The RBA cut rates overnight, a move that was no wholly a surprise given the much weaker than expected inflation data seen last week. That said, when combined with the tone from the accompanying statement, the Aussie plunged more than 1 big figure to the 0.7560 area, before staging a modest recovery into the European close. One of the factors holding back the RBA in recent months has been the housing market, but here the RBA noted the strengthening lending standards and easing price pressures, which effectively removed the last barrier to easier policy. The move is the latest in an easing cycle that started with rates at 4.75% back in mid-2011, the longest pause being see mid-2013 to late 2014, where rates sat at 2.50%. The effect has been to move the Aussie from over-valued carry trade favourite to a more ‘rank and file’ commodity currency. The move will focus attention on both the RBNZ and BoC, both of whom are now stronger candidates for lower rates.

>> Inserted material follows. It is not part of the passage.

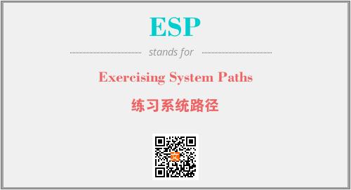 英文缩略词“ESP”经常作为“Exercising System Paths”的英文缩写来使用,中文表示:“练习系统路径”。本文将详细介绍英文缩写词ESP所代表英文单词,其对应的中文拼音、详细解释以及在英语中的流行度。此外,还有关于缩略词ESP的分类、应用领域及相关应用示例等。

The other stand-out in overnight price action has been the yen, where we’ve seen a push below the 106.00 level on USDJPY. BoJ Governor Kuroda yesterday warned of the consequences of yen strength on the economy and once again re-iterated the BoJ’s willingness to take further policy measures to hit the 2% inflation target. But markets have become pretty immune to such talk. The yen remains under-valued on many longer-term measures, so for now markets are betting that this will dominate anything that the authorities can do to weaken the currency. The generally weaker tone to the US dollar has also seen the euro and sterling push through key levels, with EURUSD through the 1.1495 mid-October high and cable now at levels seen early Jan. The data calendar is on the light side today for FX markets, with just manufacturing PMI data for the UK at 08:30 GMT and jobs data in New Zealand the next key focus overnight.